This report has thus far described the various implementations and deployments of wearable systems for health monitoring in different contexts, target individuals, and lifestyles. One of the critical components of a wearable system is the sensing element that performs the operation of transduction. Especially in the case of wearables, these sensing elements need to be lightweight, flexible, and consume as little power as possible, if not completely passive. This section describes the various advances in sensing technology categorized by the type of sensor and the measurand that it senses or measures.

4.4.1 Flexible Pressure Sensors

The design of flexible pressure sensors needs careful consideration for the functional material of the sensor. The choice of material with superior electronic properties and specificity in the transduction of external stimulus is key to designing an optimal sensor. Therefore, it is critical to developing appropriate functional materials for pressure sensing purposes. Especially for flexible pressure sensors, the combination of mechanical compliance, appropriate electrical performance, low temperature, and large-area processing is critical for creating flexible pressure sensors with desired qualities. The functional materials are most often chosen to transduce the pressure signals into changes in capacitance, piezoresistivity, or piezoelectricity. The most often used active materials are poly (dimethyl siloxane) (PDMS), rubrene, micro- and nanostructured polymers. Capacitance, piezoresistivity, and piezoelectricity are the most frequently used methods for signal transduction, while PDMS, rubrene, micro- and nanostructured polymers, polyvinylidene fluoride (PVDF) and poly[(vinylidenefluoride-co-trifluoroethylene] copolymers. A comprehensive survey of flexible pressure sensor structures and materials is presented in (Zang et al. 2015).

4.4.2 All Elastomeric Flexible Temperature Sensors for Body-Attachable Wearable Sensors

Motivation for the development of stretchable physical sensing devices comes from its potential applications in several deployments like human–machine interface, electronic skin, and personal health monitoring. For example, Trung et al. have reported a transparent and stretchable (TS) temperature sensor with a gated structure based on intrinsically transparent and stretchable materials to understand electrical properties and sensing mechanisms of sensing materials under applied stimuli. In their device, all of the layers of the device were intrinsically transparent and stretchable materials, which can be easily coated directly onto a transparent, stretchable substrate by using a simple spin-coating method and lamination techniques.

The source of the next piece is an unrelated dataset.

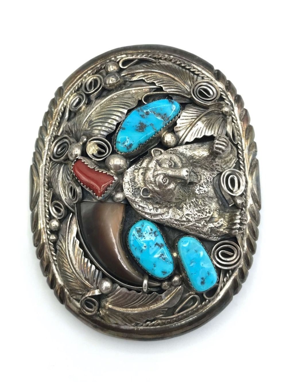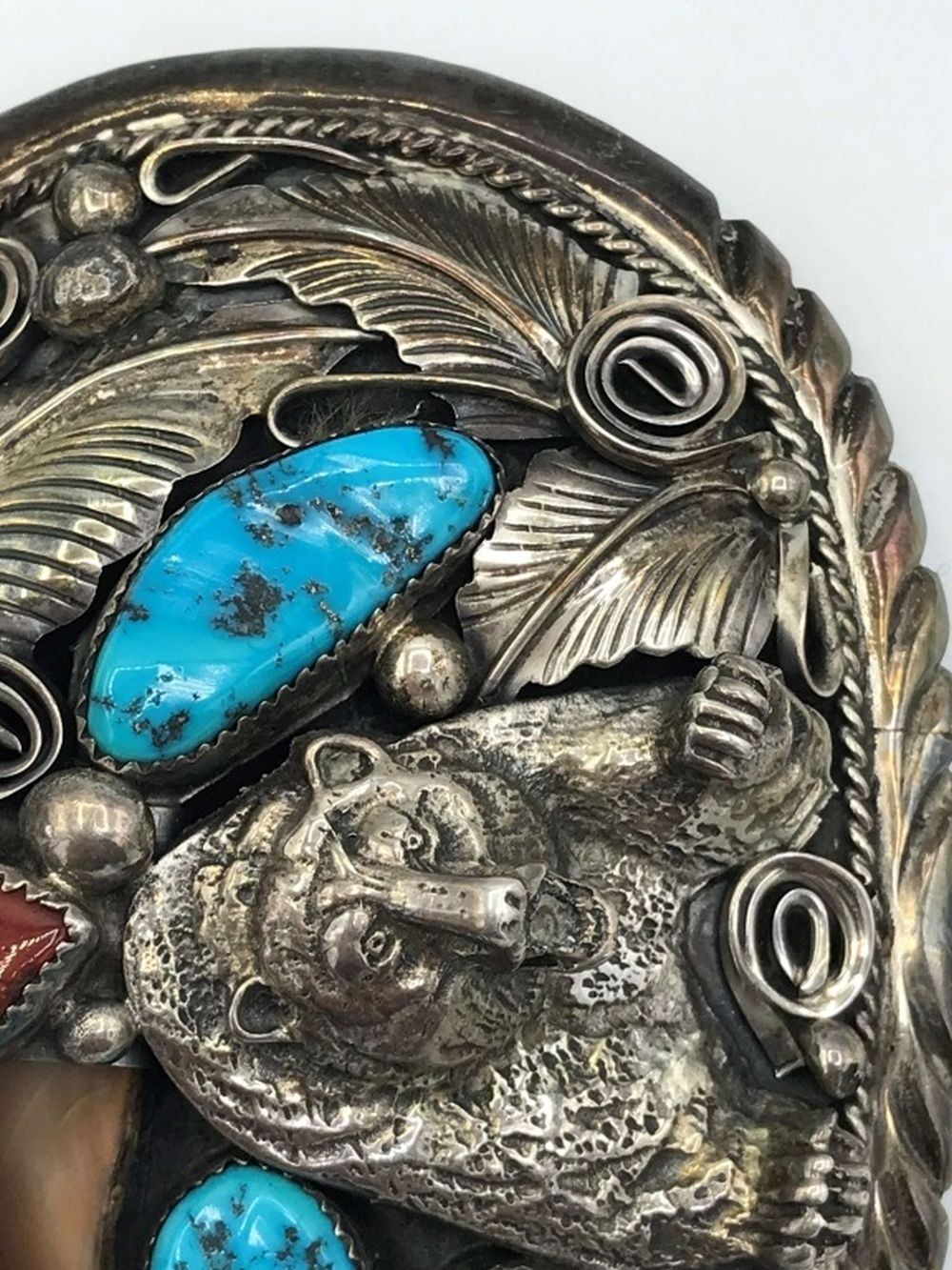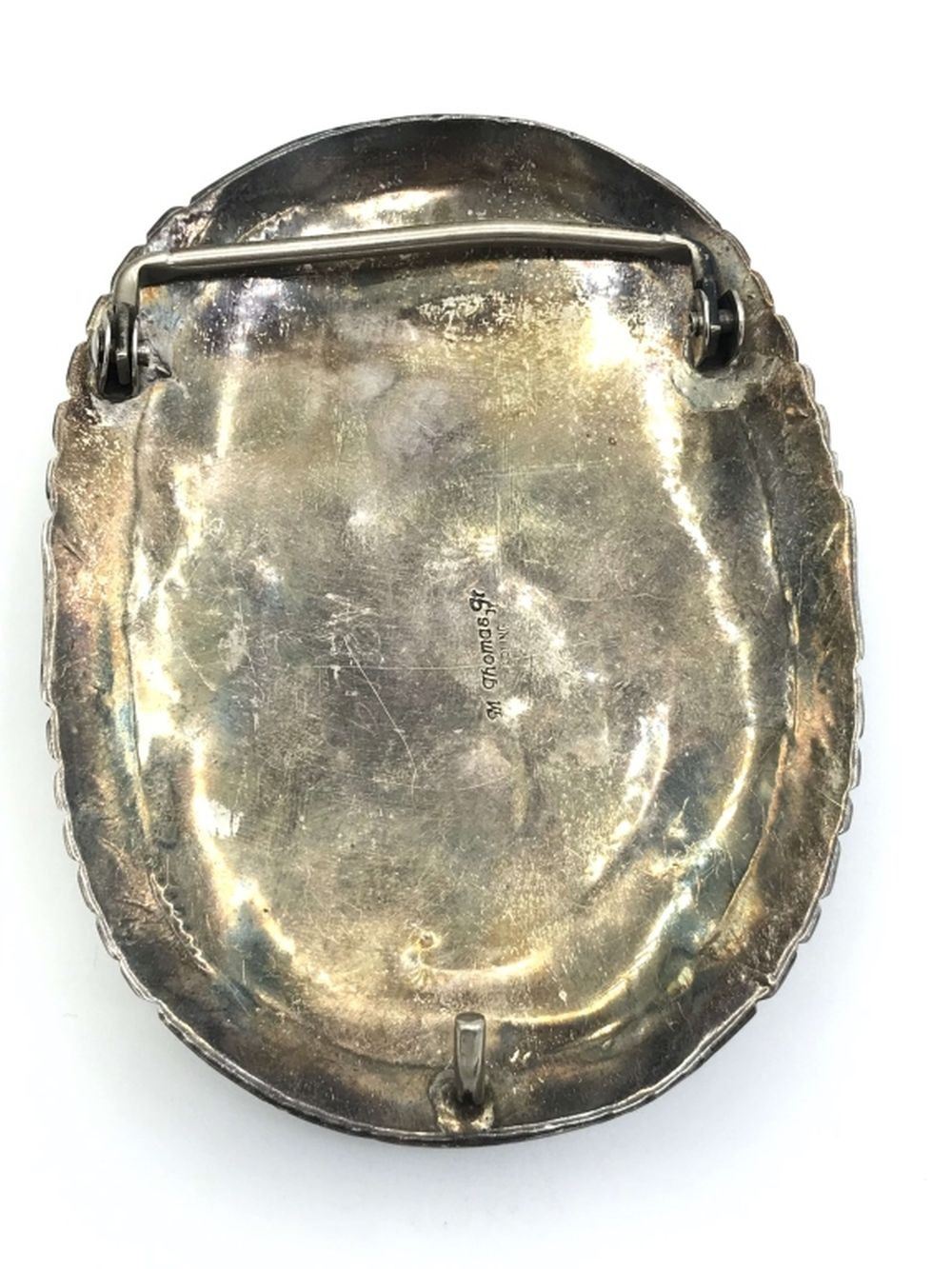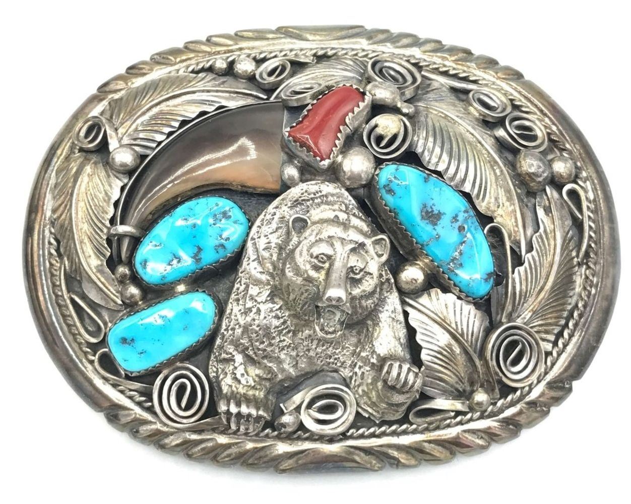 61 DWT TOTAL Navajo Native American Belt Buckle made from sterling silver, coral, and turquoise. It is stamped Sterling and M Thomas Jr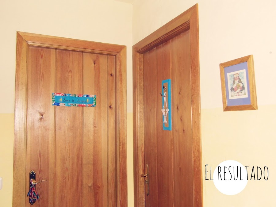 Con las pinturas a mano y el destornillador, aproveché la ocasión para dar color a los nombres de las habitaciones que al ser de un color muy parecido al de las puertas, si no iguales, no destacaban tanto como quería en un primer momento.

Composite materials formed by inserting conductive and temperature-responsive reduced graphene oxide (R-GO) nanosheets into an elastomeric polyurethane (PU) matrix were served simultaneously as the temperature sensing layer. The temperature sensor exhibited stretching up to the strain of 70% and the impressively high sensitivity of ≈1.34% resistance change per °C. The responsivity of the device to temperature was nearly unchanged after 10,000 cycles of stretching at 30% strain. The TS-resistive and TS-gated devices were able to detect minute temperature changes as small as 0.2 °C and were highly responsive to the temperature of human skin. They further demonstrated that their sensor structure could detect temperatures on hot objects and also on human skin (Trung et al. 2016).

4.4.3 Potentiometric Sensor for Monitoring Wound pH

Guinovart et al. have demonstrated a pH potentiometric sensor incorporated in a bandage to measure the pH levels in a wound area. The potentiometric sensor used electro-polymerized polyaniline (PANi) for both the reference and the working electrode. The range of pH measured by the sensor was 5.5–8. They did not observe a significant carry-over effect. They were able to test the performance of the sensors in vitro using buffer solutions to emulate the composition of a wound (Guinovart et al. 2014).

Fiber-based sensor structures are highly desirable for wearable electronics because they are inherently light, flexible, and conformable. Textile-processing technologies that were effective at ambient conditions have been used extensively to fabricate many types of fibrous structures.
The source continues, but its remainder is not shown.